By using this observation, we can conclude the following:
Lemma. Let $F$ be an $\mathcal{O}_S$-module such that for any $f\in A$, if we write $S_f :\overset{\mathrm{def}}{=} \mathrm{Spec}(A_f)$, then the natural morphism $Q_S(F)|_{S_f}\to Q_{S_f}(F|_{S_f})$ is an isomorphism.
Then, $F$ is a quasi-coherent sheaf.
Since $Q_S(F)$ is quasi-coherent, it holds that $\Gamma(S_f, Q_S(F)|_{S_f}) = \Gamma(S, Q_S(F))_f$. Since $Q_S(F) = \Gamma(S, F)\tilde{ \ }$, it holds that $\Gamma(S, Q_S(F)) = \Gamma(S, F)$. Hence, it holds that $\Gamma(S_f, Q_S(F)|_{S_f}) = \Gamma(S, F)_f$. Thus, it follows from the assumption that the natural morphism $\Gamma(S,F)_f\to \Gamma(S_f, F)$ is an isomorphism.
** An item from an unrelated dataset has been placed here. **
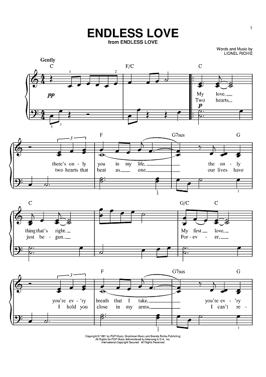 Digital Sheet Music for Endless Love by Lionel Richie, Diana Ross, Luther Vandross scored for Easy Piano; id:373938

Since the family of open subschemes $\left\{ S_f \,\middle|\, f\in A\right\}$ is an open base of $S$, this implies that for any $x\in S$, the morphism $Q_S(F)_x\to F_x$ induced by taking stalks of the natural morphism $Q_S(F)\to F$ is an isomorphism. Hence, in particular, $Q_S(F)\to F$ is an isomorphism of sheaves.
This implies that $F$ is a quasi-coherent sheaf. ◻︎
By the above Lemma, we can conclude that for any non-quasi-coherent $\mathcal{O}_S$-module $F$, there exists an element $f\in A$ such that the natural morphism $Q_S(F)|_{S_f}\to Q_{S_f}(F|_{S_f})$ is not an isomorphism. In particular, if we write $j: S_f \hookrightarrow S$ for the natural open immersion, then the natural morphism $j^*\mathrm{id}_{S,\#}F \to \mathrm{id}_{S_f, \#}{j'}^*F$ is not an isomorphism.
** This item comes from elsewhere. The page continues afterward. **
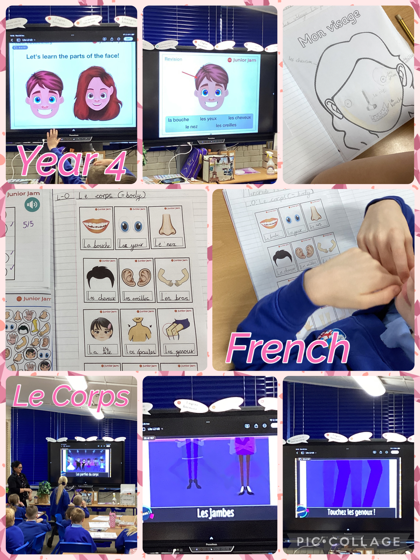 After recapping the French vocabulary for common facial features, the children sang songs and labelled pictures. They then began learning the French for other parts of the body in preparation for singing ‘La Tête, Les Épaules, Les Genoux, Les Pieds’ (Heads, Shoulders, Knees and Toes).

A more concrete counterexample:
Let $A$ be a DVR. Write $K$ for the field of fractions of $A$. Define an $\mathcal{O}_S$-module $F$ as follows: $F(\mathrm{Spec}(A)) = 0, F(\mathrm{Spec}(K)) = K$.
Then, $Q_{\mathrm{Spec}(A)}(F) = 0$, $Q_{\mathrm{Spec}(K)}(F|_{\mathrm{Spec}(K)}) = \tilde{K}$, and, moreover, the natural morphism $0\to K$ is not an isomorphism.
Note that if $g:T\to S$ is a morphism of schemes, then the scheme-theoretic image of $g$ is equal to the closed subscheme corresponding to the quasi-coherent ideal sheaf $Q_S(\mathrm{ker}(g^{\#}:\mathcal{O}_S\to g_*\mathcal{O}_T))\subset \mathcal{O}_S$. The above $F$ is a special case of this: $T:\overset{\mathrm{def}}{=} \coprod_{i\in \mathbb{N}} \mathrm{Spec}(A/(\pi^i))$, where $\pi\in A$ is a uniformizer, and $g: T \to \mathrm{Spec}(A)$ for the canonical morphism of schemes. Then, $F = \mathrm{ker}(\mathcal{O}_{\mathrm{Spec}(A)}\to g_*\mathcal{O}_T)$, and the scheme theoretic image of $g$ is equal to $\mathrm{Spec}(A)$.